Science Daily:  In fathering, peace-loving bonobos don't spread the love

There was a throwaway line which floated about for a while, who's your daddy, and it seems in this bonobo group they can point to one male to say, "He was."

I hadn't heard so much about bonobos as peaceful hippies but rather the ones with the greatest enthusiasm for sex in the world of primates.  Humans like to think we're so sexy but we're amateurs.


The findings show that the reproductive skew -- the extent to which a single male versus many males sires offspring -- is much higher among bonobos than it is in male-dominated and more aggressive chimpanzees. While the reasons behind that skew aren't yet entirely clear, the researchers suspect that it may come down to a tendency for many females to choose to mate with the same attractive male.

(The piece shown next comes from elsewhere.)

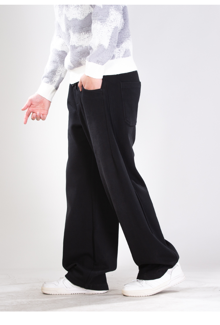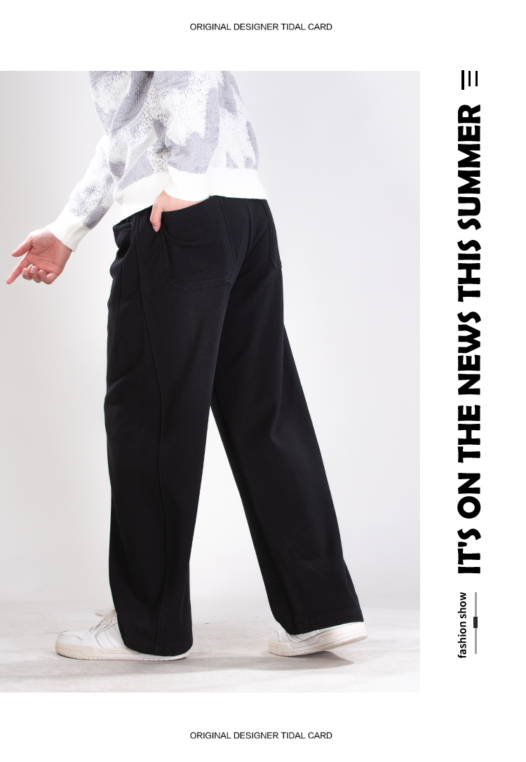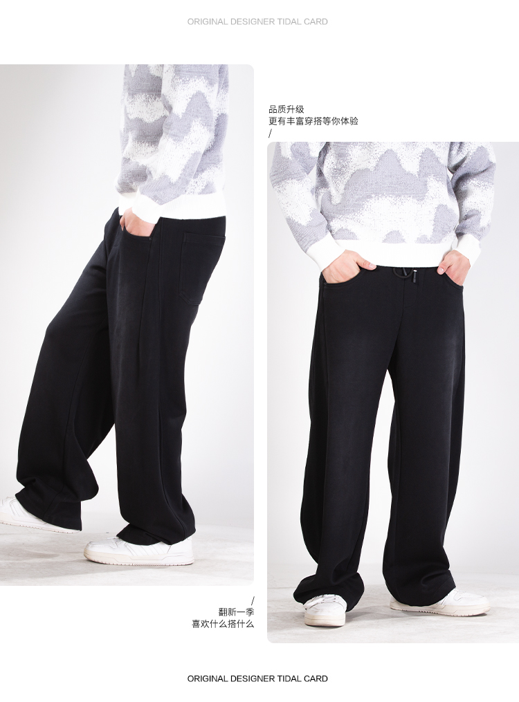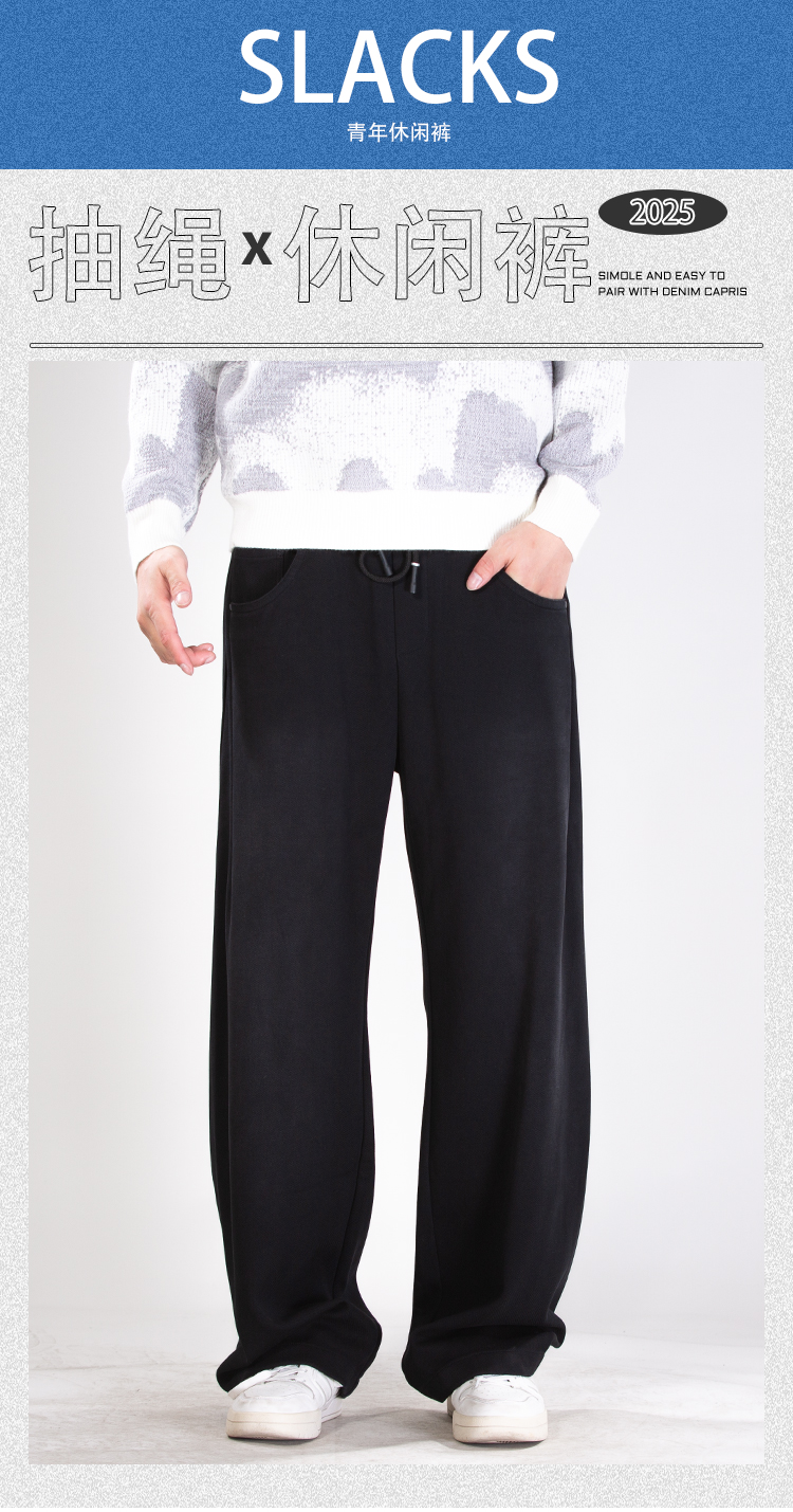 DRONKOO 2025 抽绳后斜破缝口袋同色钉扣喷色做旧复合厚长卫裤

"The funny thing under such a scenario would be that most of the females would have the same preference for Camillo, the alpha male and 'Brad Pitt' of the bonobos at our research site," says Martin Surbeck of the Max Planck Institute for Evolutionary Anthropology in Germany.

- SD

So there's the good news and the bad news, mates.  If you're hot like Brad Pitt among bonobos then you will meet lots of chicks but otherwise your life won't change all that much and you will still be drinking beer while you watch cage fights on TV.


Surbeck and colleagues, including Kevin Langergraber at Arizona State University's School of Human Evolution and Social Change and ASU's Institute of Human Origins, have a long-standing interest in bonobo society and particularly in the relationships between males and females. Bonobos are known for their friendly nature and lack of aggression. In that friendly setting, bonobo males often seem to invest in friendly relationships with particular females. The researchers wondered whether those "friendships" were leading to greater paternity success for those males.

- SD

Bonobo charm ... learn some of that, mates.


The researchers had hypothesized that bonobo females' freedom to choose their mates would mean a more balanced distribution of paternity amongst males in the group. But they found just the opposite. While more work is needed to explore the reasons behind that skew, the researchers say, "if female choice is the mechanisms behind our observation, all females seem to prefer more or less the same male."

- SD

Even in a peaceful and egalitarian world, the chicks all line up for the Big Kahuna, the Brad Pitt of the beach.


Ed:  are you heading up to a moral of the story?

Nooooo but there's more in the article for the interested student.

2 comments:

Anonymous said...

Pretty sure they are in the middle of the Monkey Selfie lawsuit
I hope they have a great legal team

Unknown said...

Making a career out of doing nothing is some kind of survival skill, I suppose. Twisted.